The results of the proof-of-concept machine learning pipeline demonstrated that rice yields can be predicted with a reasonable degree of accuracy, with out-of-sample R2, MAE, and MAPE performance of up to 0.82, 0.29, and 0.16 respectively. This performance outperformed test set performance reported in related literature on rice yield modelling in other contexts and countries. In addition, SHAP value analysis was conducted to infer both the importance and directional impact of the climate and remote sensing variables included in the model. Important features driving rice yields included temperature, soil water volume, and leaf area index. In particular, higher temperatures in August correlate with increased rice yields, particularly when the leaf area index in August is also high. Building on the results, a proof-of-concept dashboard was developed to allow users to easily explore which districts may experience a rise or fall in yield relative to the previous year. The dashboard show that the model may perform better in some regions than in others. For instance, the absolute percentage error for predicted versus actual yields ranged from an average of 7.1 % in districts in Uttarakhand to an average of 14.7 % in Uttar Pradesh.

SIGNIFICANCE

This study underscores the potential for policymakers to consider scaling and operationalizing machine learning approaches to rice yield prediction in the context of agricultural early warning systems to deliver timely crop yield forecasts on a rolling basis throughout the season, thereby equipping agricultural decision-makers with the ability to make informed choices on irrigation scheduling, fertilizer application, and harvest planning to optimize crop output and resource use.

Abstract Image

查看原文

微信好友朋友圈 QQ好友复制链接

本刊更多论文

利用气候再分析和遥感数据，在印度地区一级进行基于机器学习的水稻产量预测的可行性

本研究旨在调查基于机器学习的产量预测模型能否在水稻收获前几个月预测印度地区级的 Kharif 季节水稻产量。研究方法包括在印度 247 个水稻产区 20 年的气候、卫星和水稻产量数据上训练 19 种机器学习模型，如 CatBoost、LightGBM、Orthogonal Matching Pursuit 和 Extremely Randomized Trees。结果和结论概念验证机器学习管道的结果表明，水稻产量的预测具有相当高的准确性，样本外 R2、MAE 和 MAPE 分别高达 0.82、0.29 和 0.16。这一性能优于其他国家和地区水稻产量建模相关文献中报告的测试集性能。此外，还进行了 SHAP 值分析，以推断模型中包含的气候和遥感变量的重要性和方向性影响。影响水稻产量的重要因素包括温度、土壤水量和叶面积指数。其中，八月份较高的温度与水稻产量的增加相关，尤其是当八月份叶面积指数也较高时。在这些结果的基础上，我们开发了一个概念验证仪表板，让用户可以轻松探索哪些地区的产量相对于上一年可能会上升或下降。仪表板显示，该模型在某些地区的表现可能优于其他地区。例如，预测产量与实际产量之间的绝对百分比误差从北阿坎德邦各县平均 7.1% 到北方邦平均 14.7%不等。意义本研究强调，决策者有可能考虑在农业预警系统的背景下推广和应用水稻产量预测的机器学习方法，以便在整个季节滚动提供及时的作物产量预测，从而使农业决策者有能力在灌溉调度、肥料施用和收获规划方面做出明智的选择，以优化作物产量和资源利用。

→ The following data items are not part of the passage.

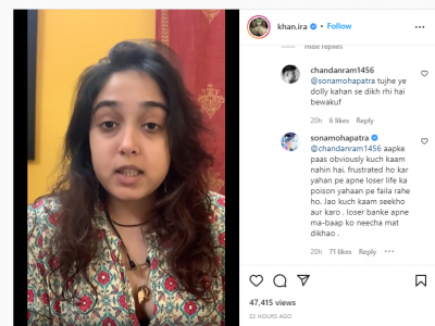 इरा खान के इस पोस्ट का समर्थन मशहूर सिंगर सोना महापात्रा ने भी किया है। उन्होंने इरा के पोस्ट पर कमेंट करते हुए लिखा था 'गुड़िया डॉली।' हालांकि, सिंगर को अपने इस कमेंट की वजह से ट्रोल होना पड़ा, लेकिन उन्होंने ट्रोलर को जमकर लताड़ लगाई। बताते चलें कि एक ट्रोलर ने सोना के कमेंट पर रिप्लाई देते हुए लिखा कि आपको ये डॉली कहां से दिख रही है बेवकूफ? वहीं, इसके जवाब में सोना महापात्रा ने लिखा, "जाहिर सी बात है आपके पास कुछ काम नहीं है, आप परेशान होकर यहां पर अपनी लूजर लाइफ का जहर फैला रहे हो। जाओ कुछ काम सीखो और करो। लूजर बनकर अपने मां-बाप को नीचा मत दिखाओ।"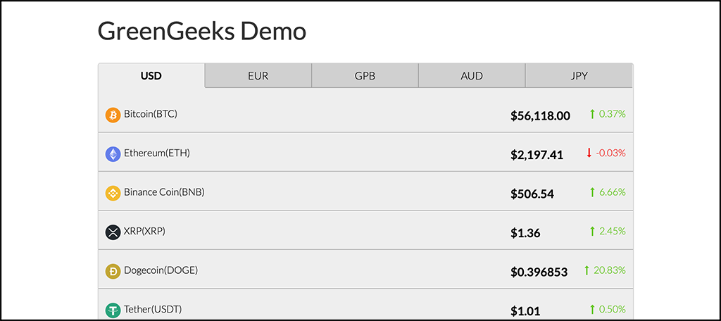 Now, view the live crypto ticker you just placed on the page. If you need to style some things differently, then go back to the widget and update some things.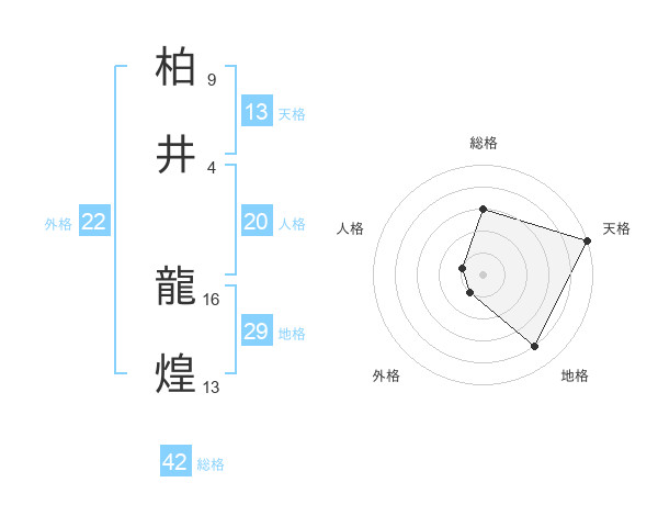 柏井 龍煌さんの総格は42画の3点!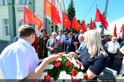 5 августа Председатель ЦК КПРФ, Руководитель фракции КПРФ в Государственной Думе ФС РФ Г.А. Зюганов принял участие в торжественной церемонии водружения красного знамени с надписью «За Родину, за Сталина» на доме №5 по площади мира города Орла, напротив сквера Танкистов. Лидер российских коммунистов также возложил цветы к Вечному Огню и к Братской могиле воинов, освободивших город Орел в 1943 году.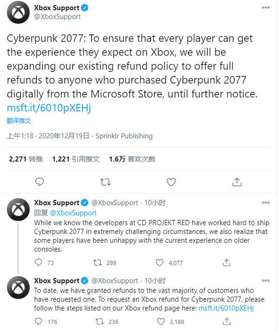 Xbox宣布在微软商城购买数字版《赛博朋克2077》的玩家可以进行退款。微软宣布:“为了确保每一位玩家都能在Xbox上获得他们所期待的体验,我们将扩大现有的退款政策,为任何从微软商店购买《赛博朋克2077》数字版游戏的玩家提供全额退款,直到另行通知。虽然我们知道CD PROJEKT RED的开发者们在极富挑战性的情况下努力出货《赛博朋克2077》,但我们也意识到一些玩家对目前在老式游戏机上的体验感到不满。到目前为止,我们已经对绝大多数要求退款的客户给予了退款。”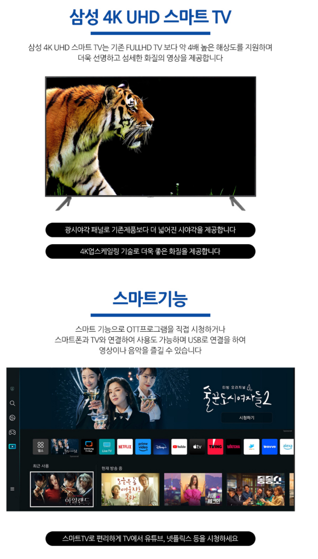 BU8000은 스마트 기능도 충실히 갖추고 있어 넷플릭스, 유튜브 등 OTT 서비스에 쉽게 접근할 수 있습니다. 게다가 슬림한 베젤 디자인과 얇은 두께는 TV를 더욱 세련되게 보이게 해 줍니다. 가격대는 200만 원 이하로 구매가 가능하며, 기본에 충실하면서도 고급스러운 사용 경험을 제공합니다.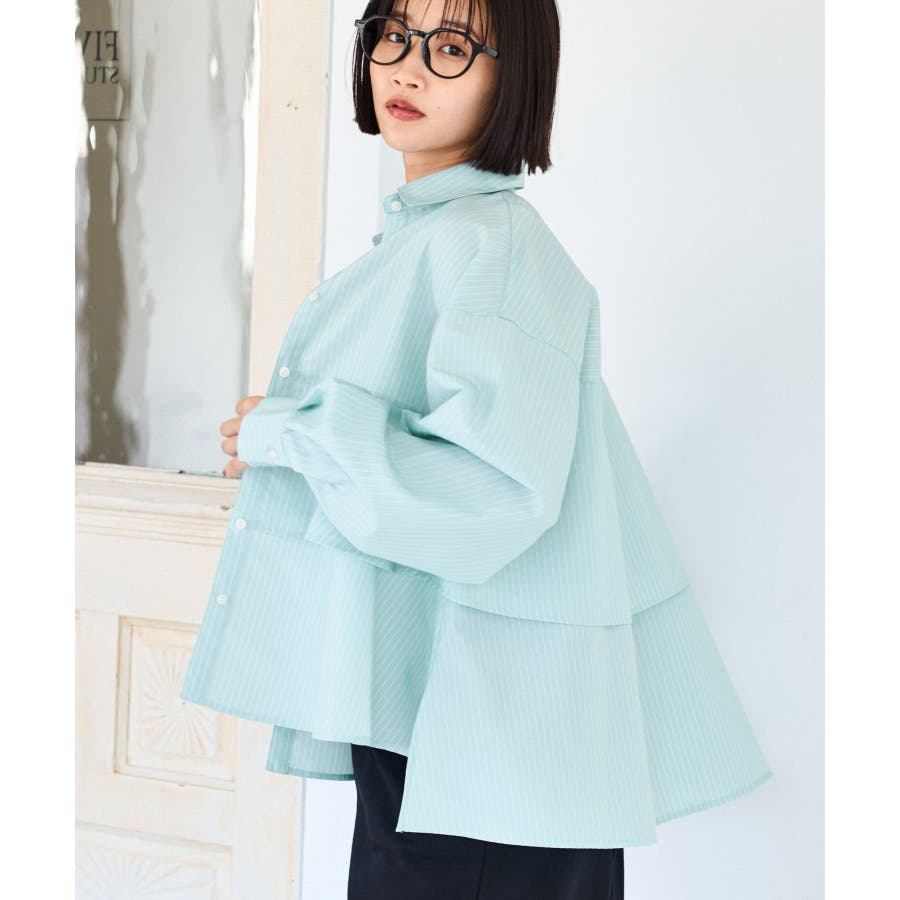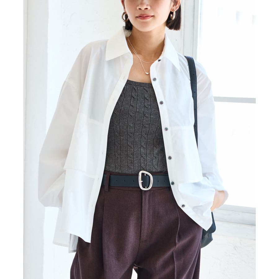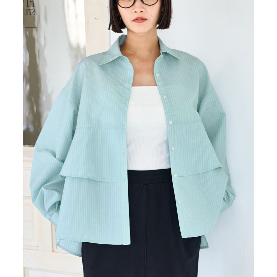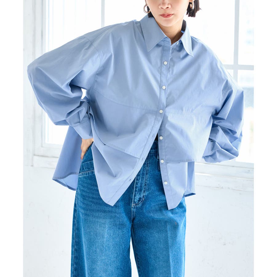 身頃が二重に重なったデザインシャツ。フレアの広がりが女性らしさを引き立て、一枚で着映える主役トップスです。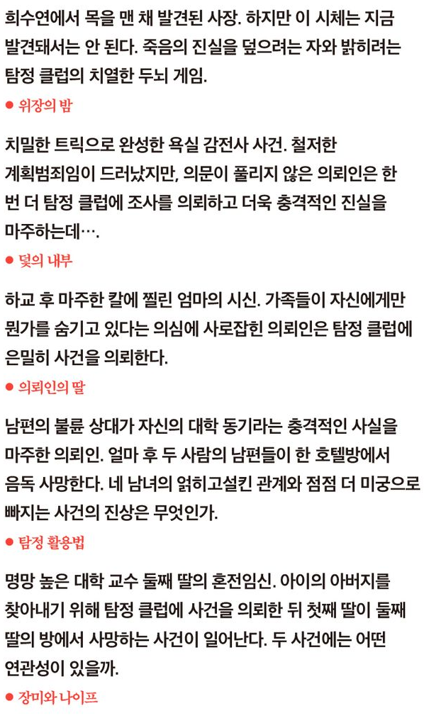 '나미야 잡화점의 기적', '용의자 X의 헌신', '녹나무의 파수꾼' 등 다양한 작품으로 유명한 히가시노 게이고의 초기작 '탐정 클럽' 시리즈를 새롭게 펴낸 이 작품은 총 5개의 단편으로 구성되어 있다. 그의 초기 작품 세계를 엿볼수 있으면서 장르적 재미가 있다고 주변에서 추천을 받아 밀리의 서재로 감상.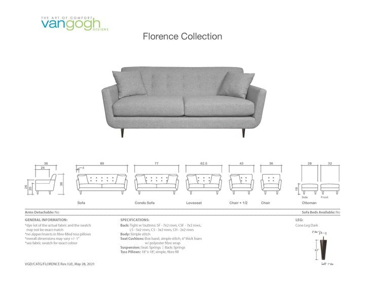 The Florence Collection pieces are made in Canada using only top quality materials, Van Gogh Designs' upholstered furniture is built to last. With nearly 500 individual fabrics, hundreds of styles and a nearly limitless array of custom options, it is easy to create a bespoke, made-to-order showpiece without breaking the bank.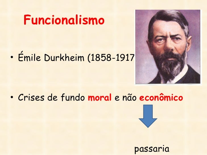 29. 29. Funcionalismo• Émile Durkheim (1858-1917)• Crises de fundo moral e não econômico passaria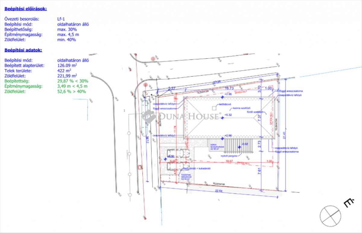 A telek 30%-os beépíthetőséggel rendekezik, 126 nm -es lakóház építhető rá.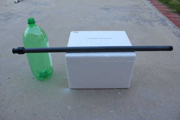 Una longitud de PVC roscado que sobresale unos 6" de la parte superior de la botella

本文章由计算机程序翻译，如有差异，请以英文原文为准。

求助全文

约1分钟内获得全文去求助

来源期刊

Agricultural Systems 农林科学-农业综合

CiteScore

13.30

自引率

7.60%

发文量

174

审稿时长

30 days

期刊介绍： Agricultural Systems is an international journal that deals with interactions - among the components of agricultural systems, among hierarchical levels of agricultural systems, between agricultural and other land use systems, and between agricultural systems and their natural, social and economic environments. The scope includes the development and application of systems analysis methodologies in the following areas: Systems approaches in the sustainable intensification of agriculture; pathways for sustainable intensification; crop-livestock integration; farm-level resource allocation; quantification of benefits and trade-offs at farm to landscape levels; integrative, participatory and dynamic modelling approaches for qualitative and quantitative assessments of agricultural systems and decision making; The interactions between agricultural and non-agricultural landscapes; the multiple services of agricultural systems; food security and the environment; Global change and adaptation science; transformational adaptations as driven by changes in climate, policy, values and attitudes influencing the design of farming systems; Development and application of farming systems design tools and methods for impact, scenario and case study analysis; managing the complexities of dynamic agricultural systems; innovation systems and multi stakeholder arrangements that support or promote change and (or) inform policy decisions.